Ce mot est presque vide de sens dans nos institutions ecclésiastiques, ou plutôt dans le caractère que le temps leur a donné. La discipline est à l’ordre ecclésiastique ce que la police est à l’ordre civil ; mais le citoyen, bon gré mal gré, est assujetti à la loi : il n’en est pas ainsi du membre de l’Eglise ; et quand la loi de l’Eglise n’a plus la sanction de l’opinion, on peut dire qu’elle n’est plus loi. L’exécution des peines disciplinaires n’a plus ni garantie civile, ni conséquences extérieures ; ainsi la sanction du dehors ne supplée pas à celle du dedans : en un mot, la discipline manque d’un point d’appui. Il ne reste plus que ce que le pasteur s’attribue individuellement et ce qu’on accepte individuellement. Et il faut bien convenir que le peu qui reste, à travers un affranchissement extérieur si complet, est meilleur à proportion du peu.
On ne peut se dispenser de rendre les ministres attentifs à un écueil que tel d’entre eux ne soupçonne pas même. Les remontrances ou répréhensions, qui sont une partie de la discipline pastorale, s’exercent beaucoup plus aisément sur les pauvres et les chétifs que sur les riches et les grands. On est tenté de peser très fort sur les uns pour n’appuyer que légèrement sur les autres. Cela ne fait pas compensation. Et le pasteur n’est digne de sa mission que lorsqu’il fait valoir son autorité envers toutes les âmes indistinctement, qui ne sont pour lui que des âmes. D’où il ne faut pourtant pas conclure qu’aucune distinction, dans la manière et dans la forme, ne doive être observée. Les mêmes moyens ont une différente valeur selon la personne à laquelle on les applique ; et l’on pourrait, dans l’intention de respecter l’égalité, traiter les âmes fort inégalement.
L’excommunication proprement dite ne saurait avoir lieu dans une Eglise qui est expressément l’Eglise de tout le monde. Les communiants n’ont de juges qu’eux-mêmes. C’est à eux de prendre garde de manger et de boire leur condamnation à la table de Jésus-Christ.

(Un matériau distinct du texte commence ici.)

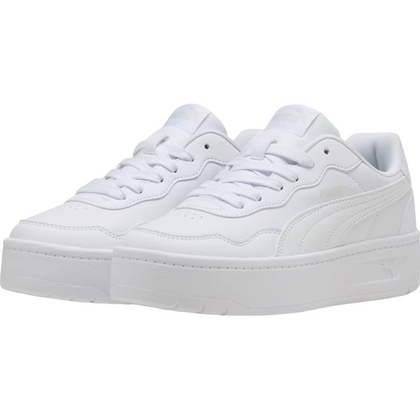 Buty lifestyle Puma Court Lally Skye dla kobiet łączą styl i wygodę, idealnie urozmaicając każdą garderobę. Dzięki eleganckiej, niskoprofilowej sylwetce, te buty sprawdzą się na każdą okazję. Wykorzystanie materiałów z recyklingu w cholewce i podeszwie podkreśla ekologiczne podejście marki, dbając o środowisko. Komfort noszenia przez cały dzień zapewnia wkładka Softfoam+, doskonała dla osób ceniących sobie amortyzację i wygodę. Stylowe przeszycia, perforacje na przodzie oraz charakterystyczne logo marki dodają wyjątkowego charakteru. Podwyższona gumowa podeszwa i usztywniony zapiętek oferują dodatkowe wsparcie i stabilność.
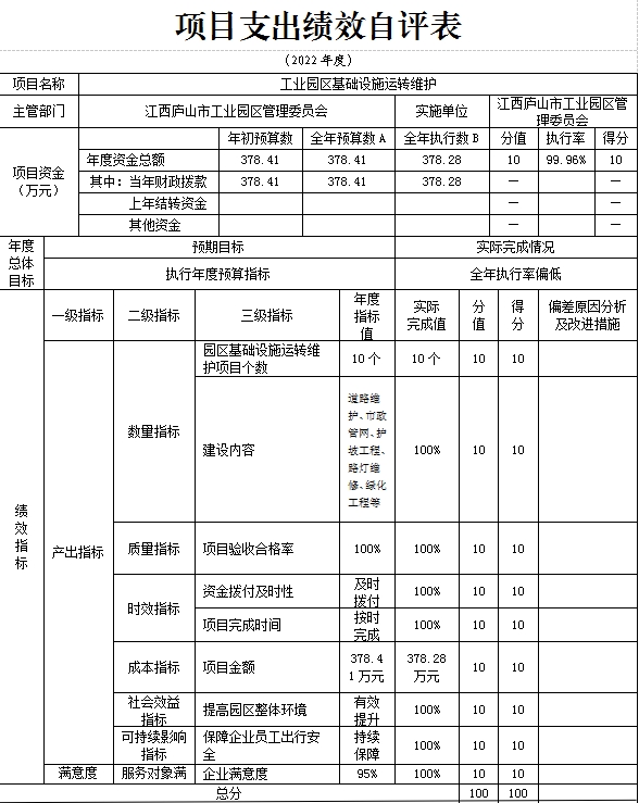 组织对“2022年“两新”组织专职党建工作指导员经费”、“2022年招商工作经费”、“扶持企业发展资金(庐山市污水处理厂)”、“工业园2022年调整工作经费”、“工业园第三方购买服务”、“工业园第三方购买服务”、“工业园环境整治”、“工业园区基础设施运转维护”等8个项目开展了部门评价,涉及一般公共预算支出4440.36万元,政府性基金预算支出0万元,国有资本预算支出0万元。从评价情况来看,以上8个项目绩效自评平均得分为98分,其中6个项目绩效自评得分为满分。项目全年预算数为7547.70万元,执行数为4440.36万元,完成预算的58.83%。

Là où l’Eglise appartient au peuple politique, et où le consentement général a cessé d’appuyer les rigueurs de la discipline, on ne peut pas songer à l’exercer, à moins de rétablir les conditions de son existence, ce qui ne peut se faire que sur un autre terrain. Le devoir du pasteur n’en est pas moins d’écarter de la cène, par des représentations faites en particulier, les individus qu’il juge ne pouvoir sans danger participer, à ce repas sacré, et de les avertir collectivement du haut de la chaire. La même règle, et nulle autre, s’applique aux officiants.